Come garden, and grow, with us

Waitaki Community Gardens' mentors Gill Cayford and Allan Adamson get ready for spring. Photo by...
Waitaki Community Gardens' mentors Gill Cayford and Allan Adamson get ready for spring. Photo by David Bruce.
Grandpa Allan and Grandma Gill want to teach you how to grow your own food, and Auntie Annie will show you how to get it ready for your table.

The three Oamaru residents, Allan Adamson, Gill Cayford and Annie Beattie, are part of the Waitaki Community Gardens, a community project aimed at teaching gardening skills to all ages.

Mr Adamson and Mrs Cayford are mentors at the gardens, and Miss Beattie is the co-ordinator of the project, being undertaken by a community trust.

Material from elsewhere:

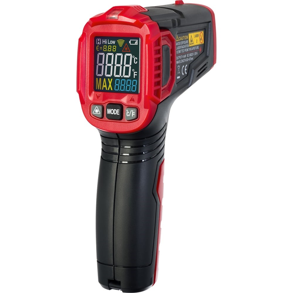 Бесконтактный термометр Ermenrich Seek FR40 определяет температуру тела, объекта или окружающей среды по инфракрасному излучению. Это позволяет производить измерения температур в сложных условиях, где невозможен физический контакт с предметом наблюдения.Пирометр определяет температуру в диапазоне –50…+550 градусов по Цельсию, также возможно настроить отображение результатов в градусах по Фаренгейту. Скорость замера составляет не более 0,5 секунды. При зажатом «курке» производится непрерывное измерение, зафиксировать полученный результат можно отпустив кнопку. Термометр позволяет устанавливать собственные минимальные и максимальные значения – при их достижении прибор подает световой сигнал.Для удобства пользователя термометр оснащен лазерным указателем, который помогает точно навести прибор на объект. Данные отображаются на цветном экране. Здесь же имеется индикатор уровня заряда батареи. Работает прибор от комплекта из 2 батареек типа ААА (не входят в комплектацию). Для экономии заряда прибор автоматически отключается через 30 секунд.
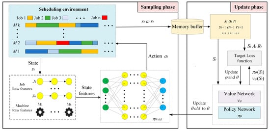 - We model the FJSSP as a single-agent reinforcement learning (RL) problem, where the scheduling agent must select the jobs to process and assign them to the corresponding machines at each step. During the training phase, we employ the Proximal Policy Optimization (PPO) algorithm based on an actor-critic architecture to train the scheduling agent in order to learn effective scheduling strategies.

Both mentors have always been keen gardeners.

Mr Adamson is with the North Otago Horticultural Society and Mrs Cayford had a herb garden at Waitoa.

Miss Beattie is a former restaurateur.

Whatever their backgrounds, all three are enthusiastic about the new project.

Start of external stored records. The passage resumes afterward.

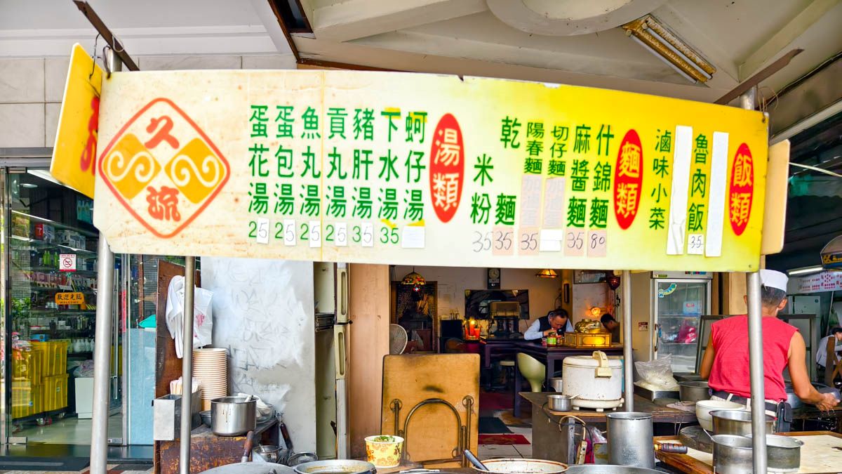 從台中火車站往前站方向散步到公園路,小小一間久流麵攤就藏在台中公園旁。店裡只有老闆一人掌杓,點餐節奏走「先找位、直接跟老闆點,等他端上桌」的老派路線;室內桌椅樸實、像把各式老家具拼起來,用餐氣氛很在地。別急,出餐會稍慢一點,但第一口熱騰騰上桌時就知道值得等。
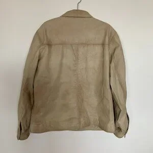 Taupe button jacket with two pockets.
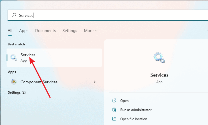 Servicesin the Windows search bar and open the Services app.
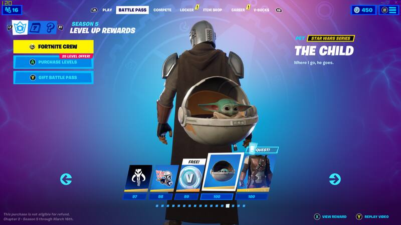 Pero la verdadera razón por la cual estarás jugando, al igual que yo, es que en el nivel 100 del pase de temporada, la recompensa final es nada más y nada menos que el mismísimo Baby Yoda, Grogu para los amigos, lo que no es solo una recompensa más que ideal para todo fanático de Star Wars sino que además tiene todo el sentido del mundo si es que deseamos jugar con El Mandalorian.

They can see the benefits of helping people grow their own food, from preparation of the ground to how to prepare and cook what is grown.

The two mentors will work with people of all ages who want to learn at the gardens, but initially hope to start with young people, training them to become leaders in the project.

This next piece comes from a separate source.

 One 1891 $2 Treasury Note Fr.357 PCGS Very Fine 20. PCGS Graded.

Eventually, they hope to have four girls and four boys trained, helping them to run the learning centre, which will be associated with the gardens.

"At risk" young people have already been helping lay out the garden, and the mentors have been impressed with the enthusiasm they develop as they settle into working in the garden.

"They arrive not so keen and, after a while, you can see them really switch on," Miss Beattie said.

"When you encourage them, they really start to get involved.

"Every time they come, they get more involved."

All three can see a big demand from all ages for what the gardens will have to offer.

It will be up to each individual to determine how far they want to go, whether it is just learning how to grow vegetables, when to harvest them and how to put the food together, or right through to composting and other skills.

Miss Beattie, the mentors and volunteers have started preparing plots and laying the garden out to an overall concept plan that has been developed by the trust.

That work is expected to really pick up over the next few weeks into spring.